The description, which says that you can start at any of the first 12 words, doesn't seem quite right; you can start on any of the first 8 words and it works, which seems amazing (but apparently isn'tâI haven't read the linked analysis), but starting at the 9th ('sitting') or the 11th ('her') will leap-frog you right over 'sister'. (I suppose it's debateable whether or not this 'works' starting at the 12th word, depending on whether you count starting there as winding up there.)
Ah, but unlike any other obligatory XKCD you tend to see on HN, the relevance here isn't in the comic but in the alt-text you get when you hover over the image.

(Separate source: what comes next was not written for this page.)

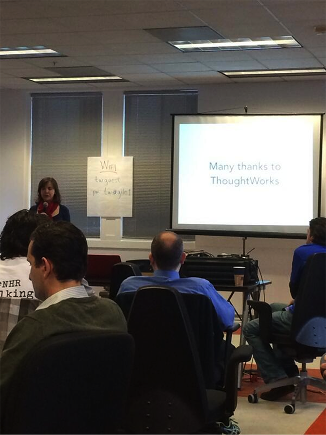 Thoughtworks sponsored the food, beverages and the prizes including a month of free coworking space for the winning teams. Thoughtworks and friends of Thoughtworks were working hard including some technologists who stayed over night to continue working on their projects. During the event, we had a team skype in from Portland to assist with coding one of the amazing new projects. We were excited at the passion, depth, and voracious appetite for creating more meaningful technology-driven solutions.

While funny, I think that's not the same spirit. In some sense, the XKCD one is observing "if you ask 'why' enough times, then the answer is eventually 'philosophy'"; the fact that these links all lead to 'philosophy' is, in some sense, a (jointly if not singly) intentional human creation, and it has semantic meaning.
The Kruskal count is observing, on the other hand, that 'large' collections of data (even for values of 'large' that are quite small, by statistical measures) inevitably include apparently designed, but actually semantically meaningless, coincidences.
Hmm, let me try again. The fact that all Wikipedia articles eventually lead, by transitive linking, to 'philosophy' means something about philosophy; the fact that all trails from the first 12 words of Alice in Wonderland eventually lead, by letter-counting, to 'sister' means nothing about sisters.